Los libros clásicos viven días de jubilación, a causa del exceso de información cotidiana que los enfunda en la última de las prioridades. Los antiguos hoy son visitados la mayoría de veces a través de Google, por parte de opinionistas que buscan un aforismo griego o latino para hacer ver “cool” sus columnas, adosando con un toque de barniz intelectual, insulseces o pensamientos fundados. En los últimos años, la lectura de los clásicos generalmente se ha circunscrito a Homero, Platón, Suetonio, Cicerón y Tácito. Aquellos que incursionan en Tucídides, Tito Livio, Plutarco o César ya pertenecen a un extraño ecosistema.
Hay una gran cantidad de escritores antiguos que por fortuna han llegado hasta nuestros días, por medio de los copistas en los monasterios medievales; quienes aparte de haber inventado el vino espumante y una gran cantidad de digestivos, debemos apreciarles contar hoy con ese invaluable pero poco conocido catálogo.
Aulo Gellio es uno de esos autores prácticamente olvidados. Ciudadano romano, nacido durante el siglo II de nuestra era, fue asiduo de la corte del emperador Antonino Pío; dejando una magnífica obra denominada “Noches Áticas” por haberla escrito durante sus días de solaz en el Ática griega.
Sibarita, erudito, filólogo y hombre de exquisita cultura; Gellio fue amigo entrañable del filósofo Favorino –el más célebre de su tiempo- y perteneció al círculo intelectual de Frontón.
“Noches Áticas” es un compendio de 20 libros que frecuentemente ha sido denominado un “Zibaldone ante litteram” por una obra similar escrita por Giacomo Leopardi en el siglo XIX. Abanico de pequeños relatos y opiniones respecto a historia, filosofía, lingüística y curiosidades; nos presenta una nítida ventana de ese tiempo.

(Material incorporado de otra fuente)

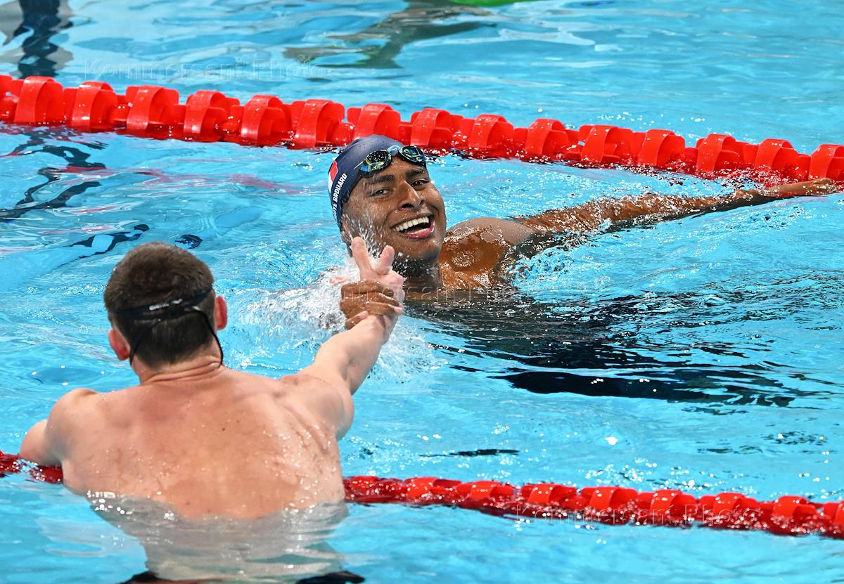XXXIII Летние Олимпийские игры в Париже. Соревнования по плаванию на стадионе "Пари Ла Дефанс Арена". Мужчины. 100 м на спине. 1/2 финала. Французский спортсмен Йоанн Ндойе-Бруар (справа) во время соревнований.

A continuación reproduciré una de las tantas anécdotas de las “Noches Áticas” que traduzco del italiano, procedente de una edición de la Biblioteca Universale Rizzoli; en ella, Gellio más parece un amigo contándonos una historia de sobremesa. La escogí a propósito de las Olimpiadas:
“La literatura nos recuerda y lo testifica la tradición, que muchos fueron alcanzados por la muerte después de un imprevisto gozo, porque el espíritu sofocado no pudo soportar la violencia de una emoción inesperada.
El filósofo Aristóteles narra que Policrita, noble mujer de la isla de Naxos, murió por recibir una inesperada noticia. También Filippide, autor de comedias de no modesta reputación, estando en edad avanzada, venció inesperadamente una competencia poética, experimentando un gran gozo; sintiéndose tan feliz improvisamente murió. La historia de Diagora de Rodas es conocida, pues tuvo tres hijos: uno púgil, el segundo pancracista y el tercero luchador -disciplinas distintas en aquella época- . Él vio a los tres vencer y coronarse el mismo día en las olimpiadas, después de abrazarlos y que sus hijos colocaran en su cabeza las coronas ganadas, lo cubrieron de besos mientras el pueblo arrojaba sobre él flores de todas partes, Diagora en el estadio, delante de los ojos de los asistentes, levó su alma entre los besos y abrazos de los hijos.
En otra parte de nuestros “Anales” -obra perdida de Fabio Pittore- tuve ocasión de leer que cuando el ejército romano fue vencido en Cannas; una anciana madre, al recibir la noticia de la muerte del hijo, se abandonó al llanto y dolor. No siendo tal noticia verdadera, el hijo llegó a la ciudad encontrándose a la anciana de improviso, que sofocada por el exceso de turbación por este precipitar de gozo, cayó muerta”.